DATASET EXCERPT:
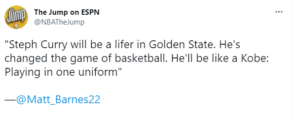 库里前队友马特-巴恩斯表示,斯蒂芬·库里将会终老在金州勇士。他改变了篮球运动。他会像科比一样:仅仅只穿一支球队的球衣。
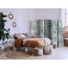 Raumteiler Paravent Unsere Raumteiler Paravents haben viele Vorteile. Zunächst einmal gibt es sie in verschiedenen Varianten, d.h. sie können aus drei oder fünf Teilen bestehen. Dank der Metallscharniere lässt sich diese Dekoration leicht zusammenfalten. Die Raumteiler stehen auf einem Sockel, der auch vor Beschädigungen schützt. Dieses dekorative Element besteht aus einer soliden Holzkonstruktion. Das Satinband sorgt für einen eleganten Abschluss und verstärkt die Seiten. Unsere Raumteiler sind aus Vliesstoff gefertigt, haben also eine feine Struktur und sind frei von sichtbaren Heftklammern. Es wurde auf jedes noch so kleine Detail geachtet, so dass diese Dekoration auch durch ihre Eleganz besticht. Wir haben hier also Funktionalität, Ästhetik und Eleganz – was will man mehr von einer Dekoration?Technische Details
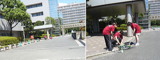 平井君が譲ってもらった中古のタイヤ。そのスポークカバーが松やにでベッタベタだったらしい。このままでは試合に出れないということで水場を探して緊急清掃。

THE TASK:
Skip the pictures and restate exactly the lines from the beginning of the listing to the line with "Raumteiler Paravent Unsere", that line included.

ANSWER TO THE EXERCISE:
 库里前队友马特-巴恩斯表示,斯蒂芬·库里将会终老在金州勇士。他改变了篮球运动。他会像科比一样:仅仅只穿一支球队的球衣。
 Raumteiler Paravent Unsere Raumteiler Paravents haben viele Vorteile. Zunächst einmal gibt es sie in verschiedenen Varianten, d.h. sie können aus drei oder fünf Teilen bestehen. Dank der Metallscharniere lässt sich diese Dekoration leicht zusammenfalten. Die Raumteiler stehen auf einem Sockel, der auch vor Beschädigungen schützt. Dieses dekorative Element besteht aus einer soliden Holzkonstruktion. Das Satinband sorgt für einen eleganten Abschluss und verstärkt die Seiten. Unsere Raumteiler sind aus Vliesstoff gefertigt, haben also eine feine Struktur und sind frei von sichtbaren Heftklammern. Es wurde auf jedes noch so kleine Detail geachtet, so dass diese Dekoration auch durch ihre Eleganz besticht. Wir haben hier also Funktionalität, Ästhetik und Eleganz – was will man mehr von einer Dekoration?Technische Details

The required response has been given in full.